Prime Minister Justin Trudeau has expressed his moral support for the Mexicans in this dilemma but will be compelled to focus on his own country's interests if things get nasty, as they almost surely will.
In the very near future, expect the NAFTA option to be off the table. That will almost inevitably lead to one-on-one negotiations between Canada and the United States, which is indeed Mr. Trump's preferred option. Some have held out hope that we could simply fall back on the original Canada-U.S. free-trade agreement (FTA), which would lead to a number of technical issues. This would depend on Congress's willingness to repeal only the laws relating strictly to NAFTA.
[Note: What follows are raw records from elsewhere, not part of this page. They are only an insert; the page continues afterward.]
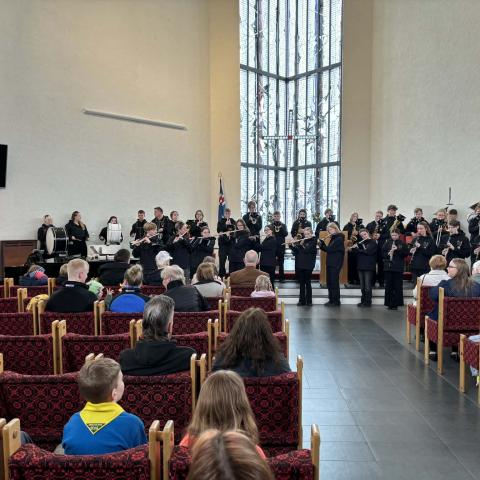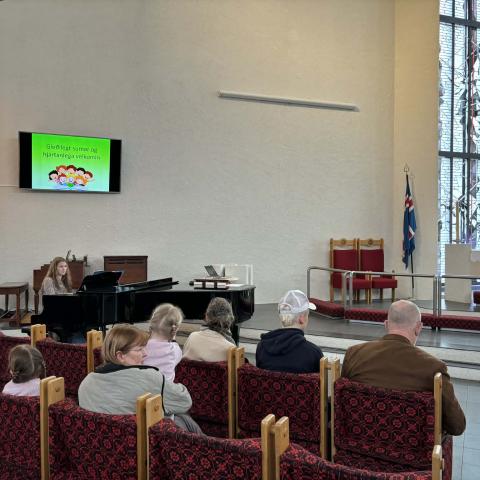 Klukkan 11:30 hóf Skólahljómsveit Austurbæjar dagskrána í Bústaðakirkju með dásamlegum lúðraþyt og tónlist. Þá voru sungin nokkur sunnudagaskólalög. Stundina í kirkjunni leiddu séra Sigríður Kristín Helgadóttir, séra Þorvaldur Víðisson og Sólveig Reynisdóttir leiðtogi. Ásdís Magdalena Þorvaldsdóttir lék á flygil.
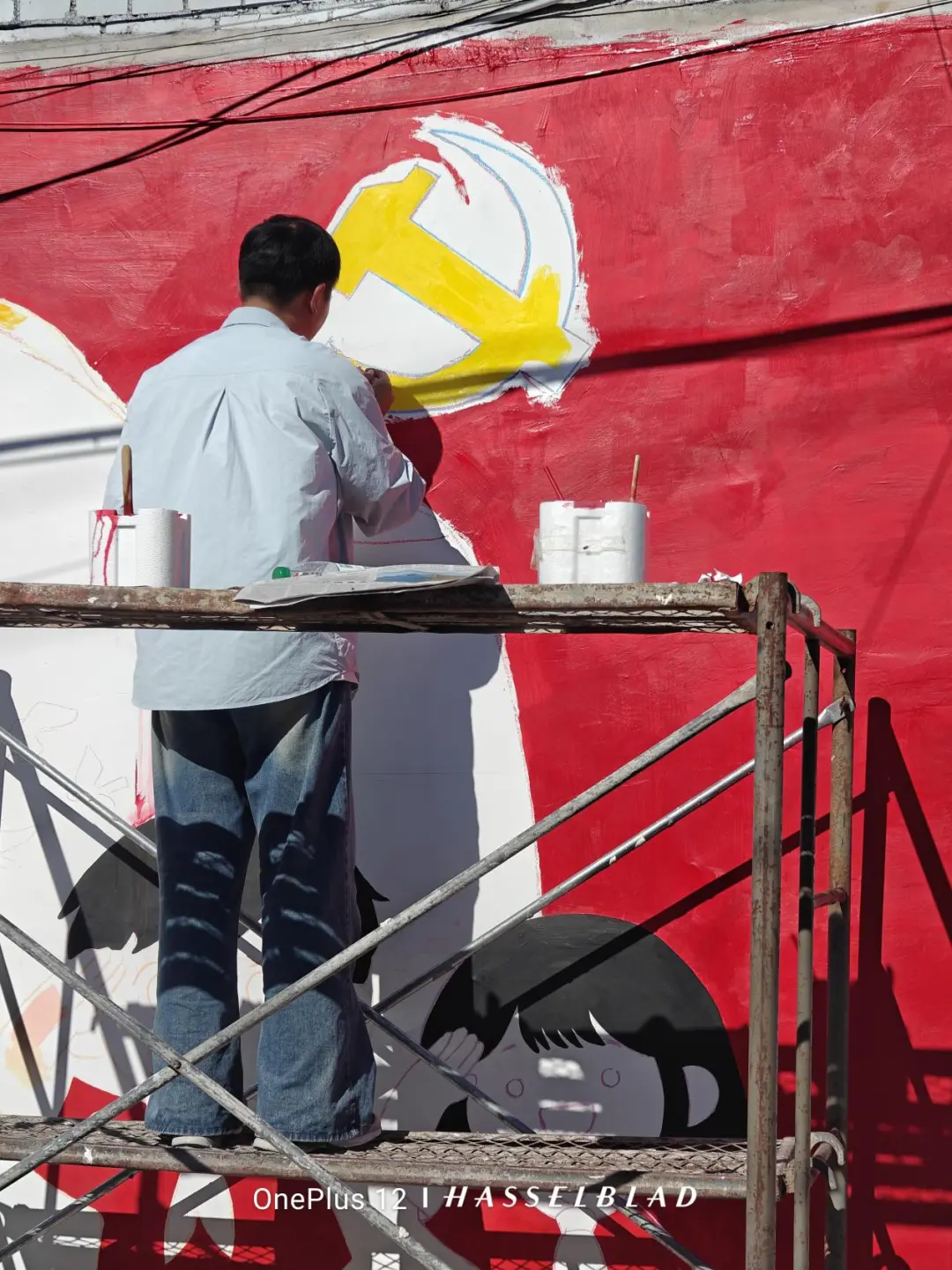【红色党建主题区】由河南艺术职业学院与扬州文化艺术学校联合完成。8月29日,河南艺术职业学院校团委、美术学院组织师生实践团队,奔赴娄烦县开展了为期10天的主题实践活动。墙绘以红色党建精神、做“四讲四有”合格党员,以及以时间轴形式呈现2015–2025年间文旅部帮扶官庄村的重要事件,包括修缮村委会、物资支援、非遗过大年、民俗展室设立、官庄小学改造、直播间建设、妇女锣鼓队成立、文化课堂进乡村等,全面展示党建引领下的帮扶成果与乡村振兴新貌。师生们细致刻画村庄新貌,从崭新的民居、丰富的文化生活,到村民们幸福的笑脸,每一笔都饱含着对乡村发展的赞美。
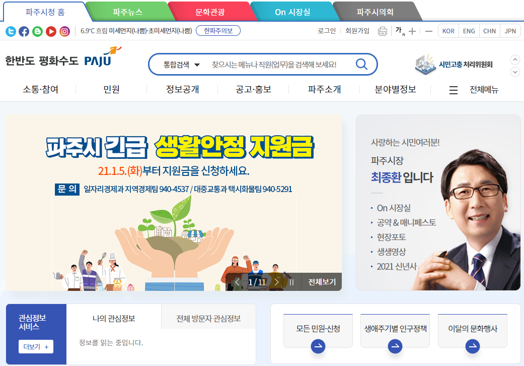 파주시청 홈페이지의 메인 화면입니다. 많은 업무를 수행하는 시청이기 때문에 아주 다양한 메뉴들을 확인하실 수 있습니다. 주요 메뉴로는 민원창구, 구민참여, 행정정보, 우리구소개, 분야별정보, 문화관광의 메뉴가 있습니다.
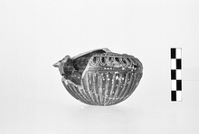Description:   The upper part broken away, and parts of the lower wall missing, with most of the handle. Round-bottomed lower body, ribbed; no foot. On the shoulder molded egg pattern between bands of raised dots; one horizontal rolled handle, with a molded ivy leaf beside its attachment.
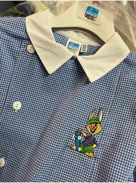 favorite_border Aggiungi alla Wishlist Quick view visibility Vedi Siggi Grembiule Celeste a quadretti per bambino Siggi con rabbit asilo 5anni + omaggio Prezzo 16,90 € Grembiule Siggi a quadretti bianco e azzurro per bambino, scuola materna, asilo
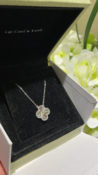 𝑉𝑎𝑛 𝐶𝑙𝑒𝑒𝑓 & 𝐴𝑟𝑝𝑒𝑙𝑠 White gold and silver laser four-leaf clover necklace(925 silver )

Whether or not the original FTA framework proves useful, bilateral negotiations would come up against the same hard U.S. demands. Canada's situation is very different from Mexico's. The Canadian and U.S. economies, at comparable stages of development, were closely integrated long before NAFTA. Although no one has apparently briefed Mr. Trump, this trade is balanced. In fact, according to his own Special Trade Representative, "The U.S. goods and services trade surplus with Canada was $12.5-billion in 2016." Canada remained by far the best customer for American products over all, and the most important export market for 35 American states.
None of this has deterred the U.S. negotiators from pressing their aggressive demands, which have reportedly included:
- Repealing the dispute-settlement provisions that give Canadian exporters some limited insurance against the most aggressive American protectionism, e.g. lumber, Boeing/Bombardier;
- Loaded rules of origin stipulating a very high level of U.S. content for duty-free goods;
- Access to procurement by Canadian governments at all levels while capping Canadian firms’ access to U.S. public purchasing;
- Busting open the supply management system protecting Canadian farmers, especially dairy.
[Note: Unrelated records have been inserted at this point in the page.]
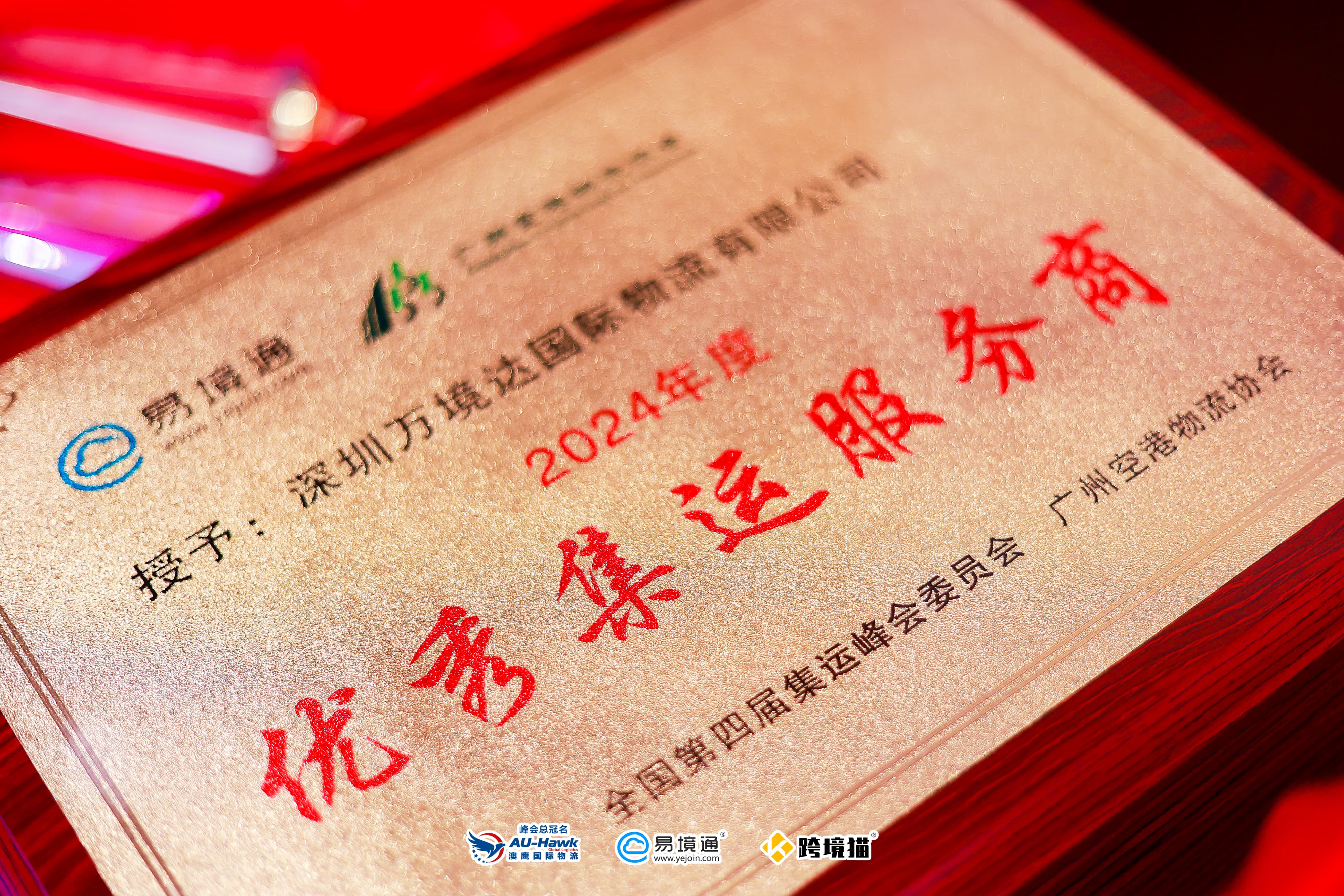 值得一提的是,在峰會上,萬境達(dá)獲得了“2024年度易境通推薦集運(yùn)服務(wù)商”的榮譽(yù)授牌。將激勵萬境達(dá)繼續(xù)秉持創(chuàng)新精神,不斷優(yōu)化服務(wù)流程,提升服務(wù)質(zhì)量,為客戶提供更加高效、便捷、安全的物流解決方案。
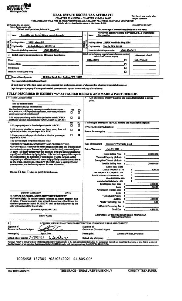 | 2 | 07/27/2021 | SWD | Statutory Warranty Deed | RYAN & RACHEL OHR | NORTHWEST ESTATE PLANNING & PROBATE | | | $300,000.00 | 137305 | |
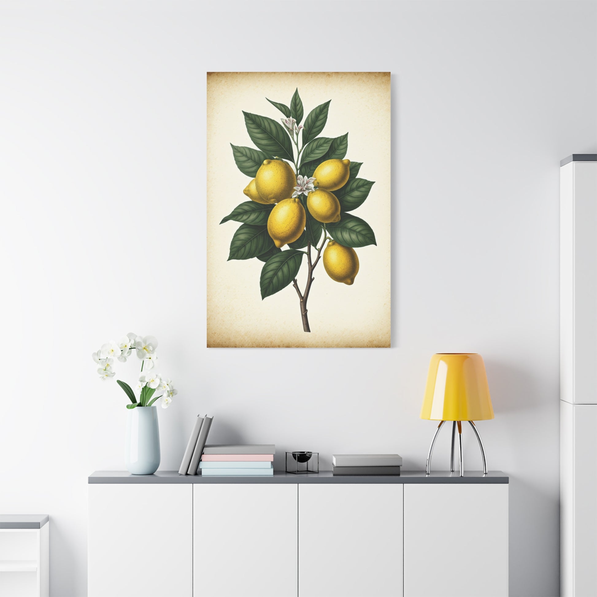 This artwork showcases bright yellow lemons hanging from a leafy branch, paired with delicate blossoms. The illustration combines freshness and elegance through its warm tones and precise detailing. Subtle textures enhance its traditional, archival style. The neutral background allows the vibrant fruit to stand out beautifully. Perfect for kitchens, cafés, or Mediterranean inspired spaces. A cheerful yet sophisticated addition to any wall.
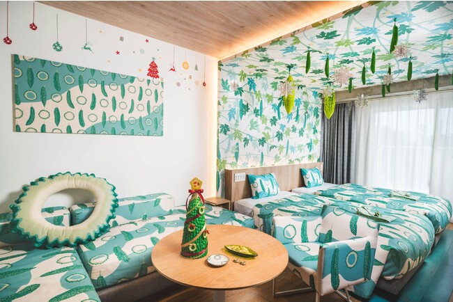 BEB5沖縄瀬良垣には、1室限定のユーモアたっぷりなゴーヤルームがあります。イベント期間はゴーヤルームもクリスマス仕様に大変身!ゴーヤの輪切りの形をしたクッションやオリジナルルームウェア、ゴーヤサングラスなどのゴーヤアイテムも用意しているので、ここに宿泊すれば、よりゴーヤクリスマス気分が盛り上がります。

All of these demands come with a five-year "sunset" clause requiring that we go through all this again a few years down the road. This adds up to demands for one-way free trade. On the face of it, this is an absurd overreach. The Trump administration is obviously counting on pressure from business and financial interests to force the Canadian government to accept such a one-sided proposal that they have already dismissed as a complete "non-starter."
The Canadian government (as well as the provinces, business and labour) is now forced to contemplate life without a free-trade agreement. While this is far from a preferred choice, it would not be the end of the world. In the absence of a bilateral agreement, the most-favoured-nation rules of the World Trade Organization would apply and offer many of the same protections. Tariffs would be restored, but at a much lower level than before the free-trade agreement, averaging roughly 3.5 per cent on shipments to the United States. Unquestionably, existing economic linkages would be put under stress but most would survive. This is clearly not the option the Canadian government would prefer but it could be better than what is currently on offer from the Trump administration.
Meanwhile, the impact on U.S. businesses would be just as severe if not more so. In an unprecedented statement, the U.S. chamber of commerce, the broadest and perhaps most influential business lobby, came out strongly against dismantling NAFTA, which it earlier estimated underpinned about 12 million American jobs. The powerful U.S. agricultural lobby has also weighed in, particularly concerned over threats to its booming exports to Mexico.
These interest groups could be expected to have a real impact on Congress where the final decisions must be taken. In other words, for all his bluster, Mr. Trump does not hold all the cards.